* TASK BRIEF:
Would you write out the entries below word for word, omitting the pictures?

------ DATA SHOWN ------

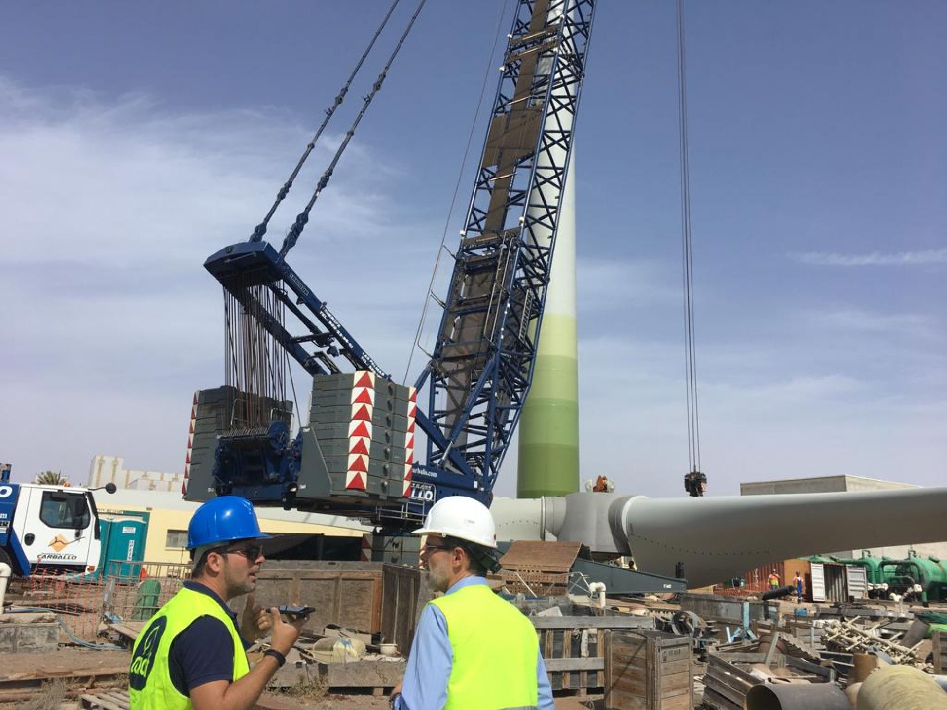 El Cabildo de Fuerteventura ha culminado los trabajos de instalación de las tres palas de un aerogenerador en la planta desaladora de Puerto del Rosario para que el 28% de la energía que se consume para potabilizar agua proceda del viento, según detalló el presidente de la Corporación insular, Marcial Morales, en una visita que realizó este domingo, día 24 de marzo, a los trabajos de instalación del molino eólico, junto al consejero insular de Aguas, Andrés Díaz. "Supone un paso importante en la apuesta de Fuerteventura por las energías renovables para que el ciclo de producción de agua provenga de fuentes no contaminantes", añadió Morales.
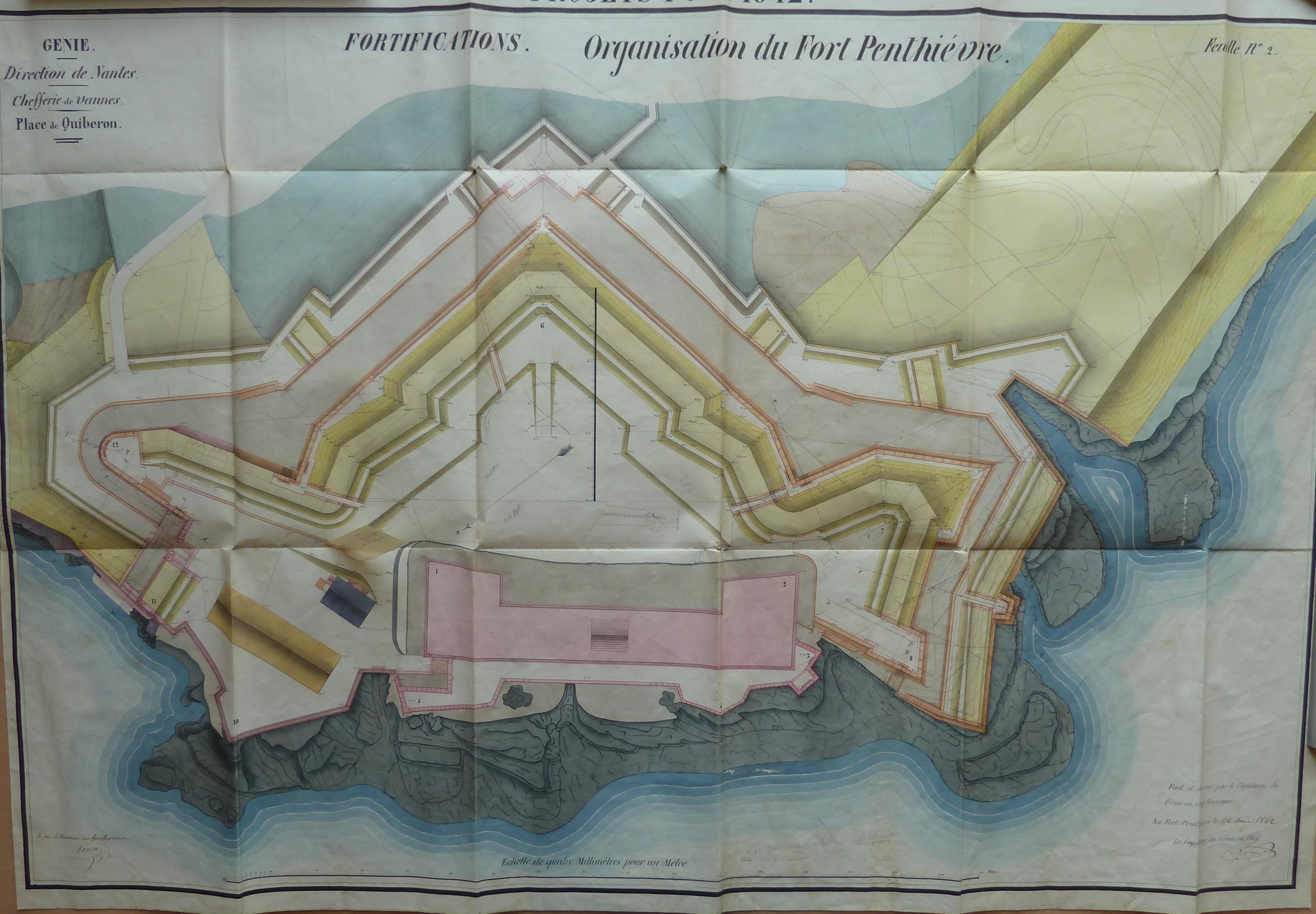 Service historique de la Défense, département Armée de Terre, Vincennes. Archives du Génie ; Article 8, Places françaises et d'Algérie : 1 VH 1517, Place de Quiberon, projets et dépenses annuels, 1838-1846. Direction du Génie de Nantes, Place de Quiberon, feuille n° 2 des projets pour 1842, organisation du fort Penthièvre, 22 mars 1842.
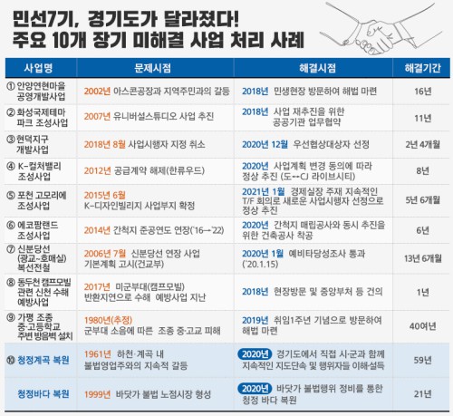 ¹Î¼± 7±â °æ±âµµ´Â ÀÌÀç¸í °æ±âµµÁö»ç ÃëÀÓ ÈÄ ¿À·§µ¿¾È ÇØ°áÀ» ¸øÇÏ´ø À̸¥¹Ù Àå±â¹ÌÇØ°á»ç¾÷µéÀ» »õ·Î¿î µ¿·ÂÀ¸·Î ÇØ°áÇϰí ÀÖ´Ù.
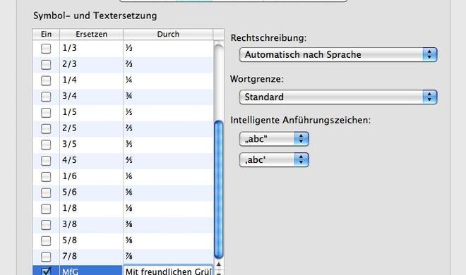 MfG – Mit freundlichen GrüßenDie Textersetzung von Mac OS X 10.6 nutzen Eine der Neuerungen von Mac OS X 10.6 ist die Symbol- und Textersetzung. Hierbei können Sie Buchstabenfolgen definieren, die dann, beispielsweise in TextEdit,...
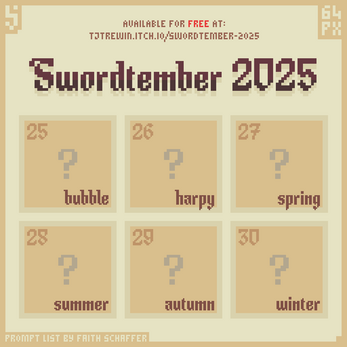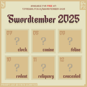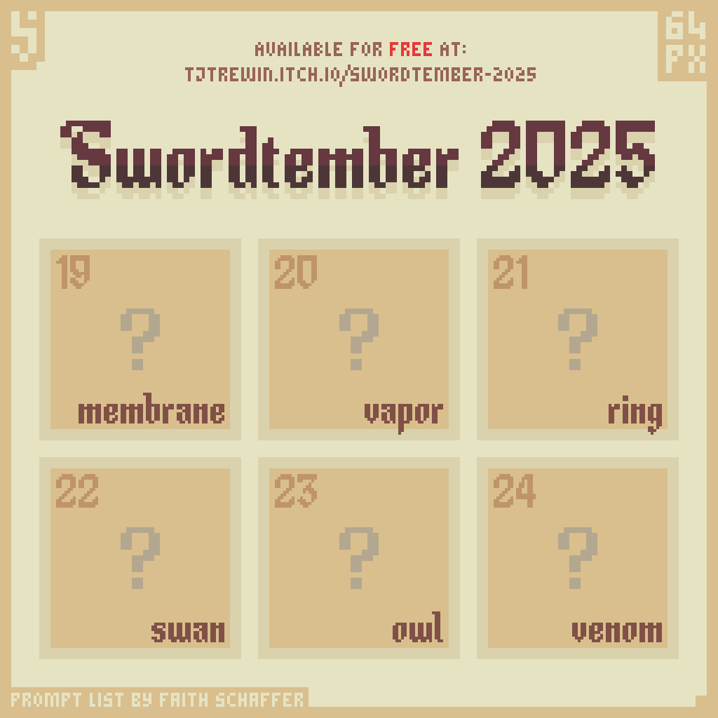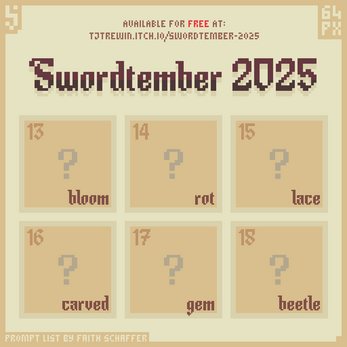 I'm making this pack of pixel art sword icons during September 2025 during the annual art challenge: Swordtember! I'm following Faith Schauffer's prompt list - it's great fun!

------

* FINISHED TASK:
 El Cabildo de Fuerteventura ha culminado los trabajos de instalación de las tres palas de un aerogenerador en la planta desaladora de Puerto del Rosario para que el 28% de la energía que se consume para potabilizar agua proceda del viento, según detalló el presidente de la Corporación insular, Marcial Morales, en una visita que realizó este domingo, día 24 de marzo, a los trabajos de instalación del molino eólico, junto al consejero insular de Aguas, Andrés Díaz. "Supone un paso importante en la apuesta de Fuerteventura por las energías renovables para que el ciclo de producción de agua provenga de fuentes no contaminantes", añadió Morales.
 Service historique de la Défense, département Armée de Terre, Vincennes. Archives du Génie ; Article 8, Places françaises et d'Algérie : 1 VH 1517, Place de Quiberon, projets et dépenses annuels, 1838-1846. Direction du Génie de Nantes, Place de Quiberon, feuille n° 2 des projets pour 1842, organisation du fort Penthièvre, 22 mars 1842.
 ¹Î¼± 7±â °æ±âµµ´Â ÀÌÀç¸í °æ±âµµÁö»ç ÃëÀÓ ÈÄ ¿À·§µ¿¾È ÇØ°áÀ» ¸øÇÏ´ø À̸¥¹Ù Àå±â¹ÌÇØ°á»ç¾÷µéÀ» »õ·Î¿î µ¿·ÂÀ¸·Î ÇØ°áÇϰí ÀÖ´Ù.
 MfG – Mit freundlichen GrüßenDie Textersetzung von Mac OS X 10.6 nutzen Eine der Neuerungen von Mac OS X 10.6 ist die Symbol- und Textersetzung. Hierbei können Sie Buchstabenfolgen definieren, die dann, beispielsweise in TextEdit,...
 I'm making this pack of pixel art sword icons during September 2025 during the annual art challenge: Swordtember! I'm following Faith Schauffer's prompt list - it's great fun!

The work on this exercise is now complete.